START THE DATA

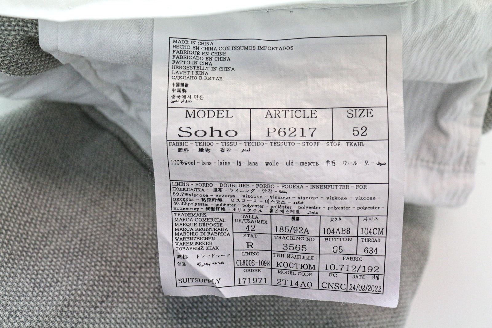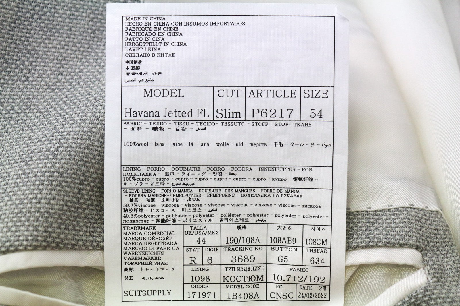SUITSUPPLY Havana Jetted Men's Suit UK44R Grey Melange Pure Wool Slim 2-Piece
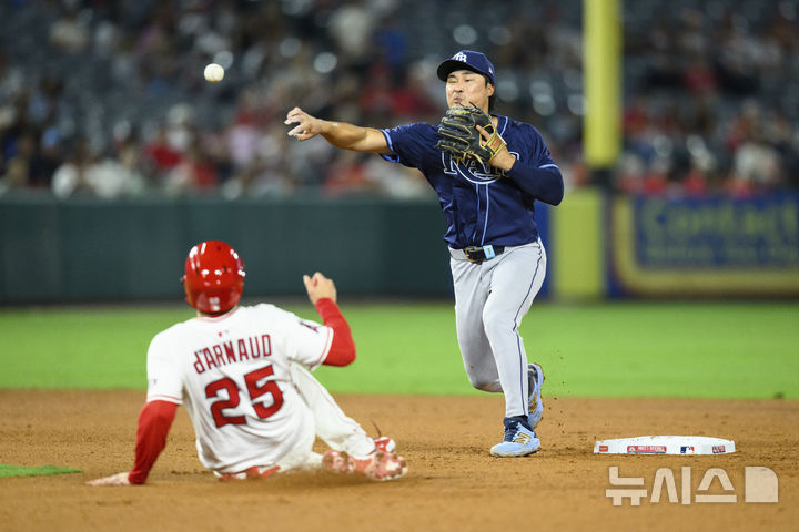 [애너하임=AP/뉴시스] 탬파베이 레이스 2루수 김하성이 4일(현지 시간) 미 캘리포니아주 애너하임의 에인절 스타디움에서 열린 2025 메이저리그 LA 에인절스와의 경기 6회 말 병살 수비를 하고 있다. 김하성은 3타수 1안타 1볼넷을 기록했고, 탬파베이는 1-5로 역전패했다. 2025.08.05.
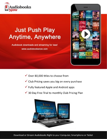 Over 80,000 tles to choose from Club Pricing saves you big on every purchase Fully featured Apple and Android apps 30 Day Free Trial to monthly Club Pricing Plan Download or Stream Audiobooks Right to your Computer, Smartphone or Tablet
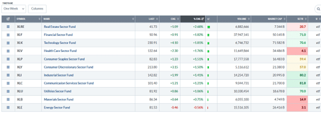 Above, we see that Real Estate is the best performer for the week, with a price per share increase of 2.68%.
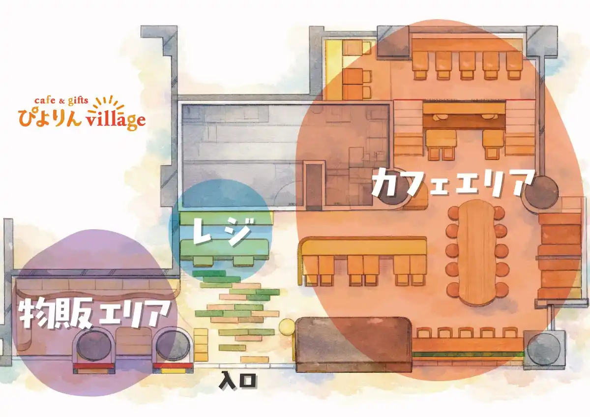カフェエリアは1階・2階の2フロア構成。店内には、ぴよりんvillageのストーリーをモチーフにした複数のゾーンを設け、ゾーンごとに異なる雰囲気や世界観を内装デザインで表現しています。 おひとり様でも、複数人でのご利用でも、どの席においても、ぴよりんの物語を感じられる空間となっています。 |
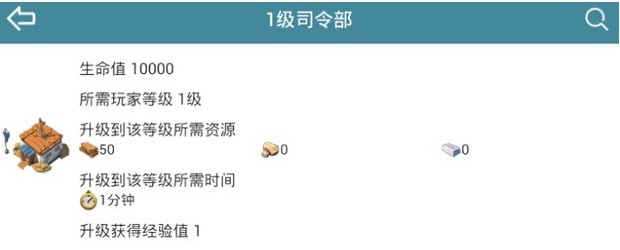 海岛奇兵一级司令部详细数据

END THE DATA

• _PROBLEM_
Each entry must be set down word for word; no image may be carried over.

• _ANSWER TO THIS PROBLEM_
SUITSUPPLY Havana Jetted Men's Suit UK44R Grey Melange Pure Wool Slim 2-Piece
 [애너하임=AP/뉴시스] 탬파베이 레이스 2루수 김하성이 4일(현지 시간) 미 캘리포니아주 애너하임의 에인절 스타디움에서 열린 2025 메이저리그 LA 에인절스와의 경기 6회 말 병살 수비를 하고 있다. 김하성은 3타수 1안타 1볼넷을 기록했고, 탬파베이는 1-5로 역전패했다. 2025.08.05.
 Over 80,000 tles to choose from Club Pricing saves you big on every purchase Fully featured Apple and Android apps 30 Day Free Trial to monthly Club Pricing Plan Download or Stream Audiobooks Right to your Computer, Smartphone or Tablet
 Above, we see that Real Estate is the best performer for the week, with a price per share increase of 2.68%.
カフェエリアは1階・2階の2フロア構成。店内には、ぴよりんvillageのストーリーをモチーフにした複数のゾーンを設け、ゾーンごとに異なる雰囲気や世界観を内装デザインで表現しています。 おひとり様でも、複数人でのご利用でも、どの席においても、ぴよりんの物語を感じられる空間となっています。 |
 海岛奇兵一级司令部详细数据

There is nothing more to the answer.